# Eighteen things I look for when buying a mod!



## Rob Fisher (13/4/20)

1. No sharp edges. Comfort is critical.

2. Delrin body or other non-metallic body. If Stabwood then needs a clear CA Coat.

3. 24mm 510.

4. Decent sized and well positioned fire button.

5. Flat 510 and not a catch-cup.

6. Reliability.

7. Quality and attention to detail and finishing.

8. Spring loaded 510.

9. White Body.

10. Dicodes, DNA75C or YiHi chipset.

11. 18650.

12. Good looking.

13. Good name in the industry.

14. Ability to take it apart for a deep clean or to replace a part.

15. Pleasant modder who responds to PM’s.

16. Accurate timelines from the modder.

17. Reasonable DHL price.

18. Uniqueness

Reactions: Like 5 | Winner 4


----------



## Christos (13/4/20)

Rob Fisher said:


> View attachment 193982
> 
> 
> 1. No sharp edges. Comfort is critical.
> ...


18. Sex appeal  

Very comprehensive list @Rob Fisher.

Some valuable and expensive lessons passed through in the list!

Reactions: Like 2 | Winner 1


----------



## Chickenstrip (13/4/20)

Things I look for in a vape before I buy:

1) Works

2) Won't break when I drop it 6 times a day

3) Not produced by Smok

Reactions: Like 3 | Funny 3


----------



## Christos (14/4/20)

Chickenstrip said:


> Things I look for in a vape before I buy:
> 
> 1) Works
> 
> ...


Out of interest, what mod are you using?
Also, have you had your Parkinson’s checked out?

Reactions: Funny 8


----------



## Chickenstrip (14/4/20)

Christos said:


> Out of interest, what mod are you using?
> Also, have you had your Parkinson’s checked out?



I'm using a Tesla WYE 80 as my daily. And I don't use tanks without plastic glass. Don't worry, I'm just very clumsy.

Reactions: Like 2


----------



## CJB85 (15/4/20)

Chickenstrip said:


> I'm using a Tesla WYE 80 as my daily. And I don't use tanks without plastic glass.
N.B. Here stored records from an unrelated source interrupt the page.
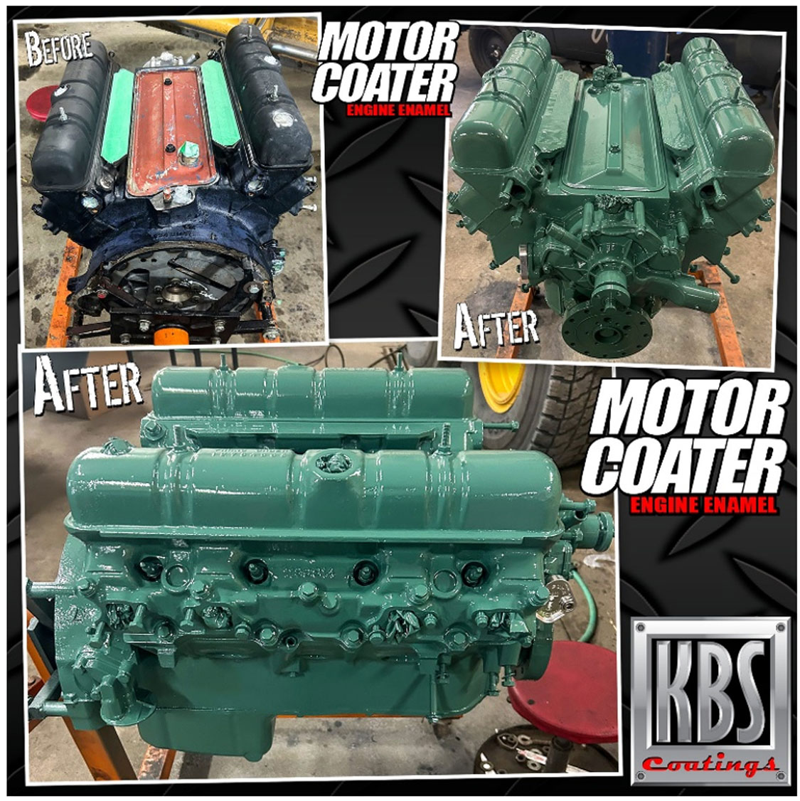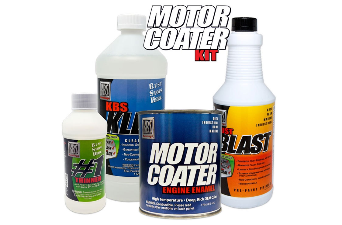 For complete preparation of engines and transmissions, the Motor Coater Kit includes KBS Klean and RustBlast, while Motor Coater Engine Enamel is formulated to deliver durable, high-temperature performance.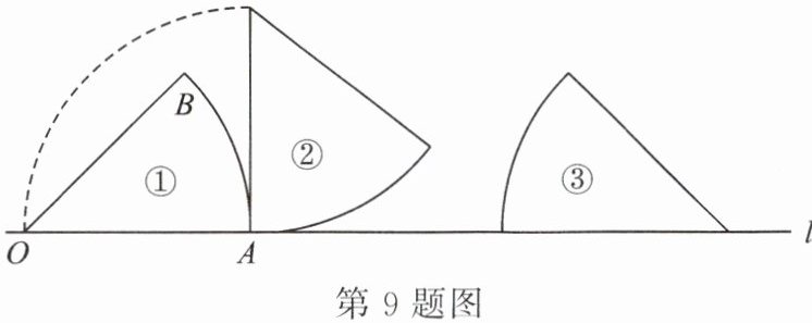 9.如图,放置在直线l上的扇形OAB,由①滚动(无滑动)到②,再由②滚动到③.若半径OA= 2,∠AOB= 45°,则点O所经过的路径的长是( ).
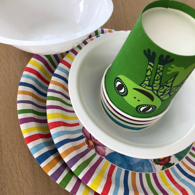Nun die einzelnen Elemente in den Schalen, Tellern und Bechern legen und je einen zur Schlaufe gebundenen Faden dazugeben.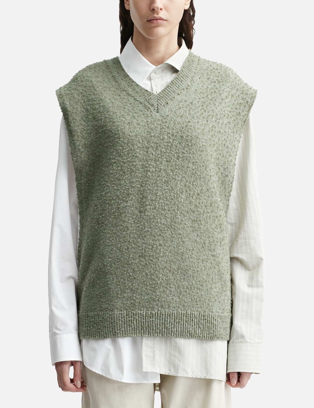 - Maison Margiela - Stole - Wool blend - Oversized fit - V-neck - Side openings and single-button fastening - Ribbed trims - Rear signature stitch accent - Color: Sage Green - Material: 68% Wool, 29% Cashmere, 3% Nylon - See more Vests and Clothing SIZING Male - Model wears size M - Model measures: Height 189cm, Chest 31.5"/80cm, Waist 27”/69cm, Hip 34.3’’/87cm - Model wears size S - Model measures: Height 175cm, Chest 32’/81cm, Waist 24.5’’/61.2cm, Hip 35’’/88.9cm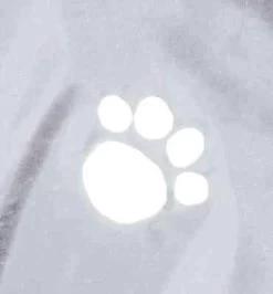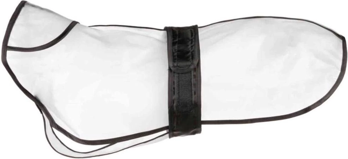 Materiaal: PVC Kleur: transparant en zwarte randen Maat: M Lengte: 46 cm Omvang buik: 46 – 66 cm Met slabbetje en extra staartlus Met reflecterende potenprint Met klittenbandsluiting Met een ingebouwd riemgat Waterafstotend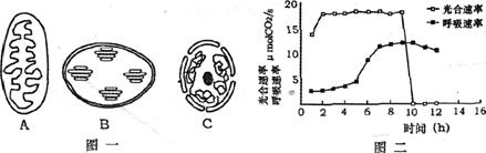 (2)图(二)中,9-10时间因某环境因素突然改变而使光合速率发生相应变化,则引起变化的环境因素是_________;10h时后不再产生ATP的细胞器是[ ] _________,此时[ ] _________成为ATP合成的唯一细胞器。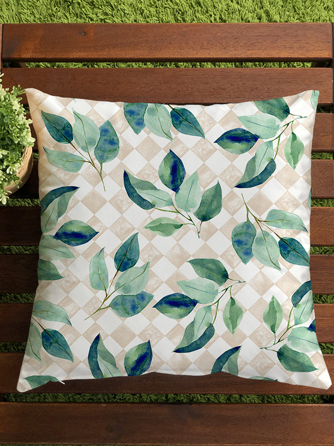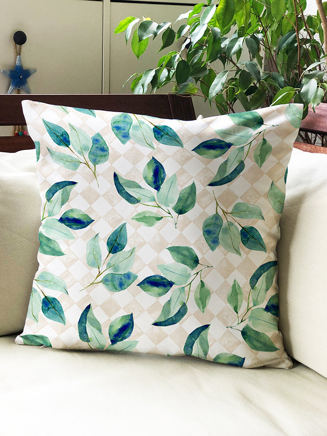 Milbay Yeşil Yaprak Desenli Kırlent Kılıfı

Don't worry, I'm just very clumsy.


My wife knocked my intake over on the kitchen counter the other day (long fall from the top of a Gen) and smashed the bubble glass. Ordered some replacements from Fasttech but the lockdown has everything frozen. Initial order was placed on 19 Feb... package still at Fasttech warehouse.


----------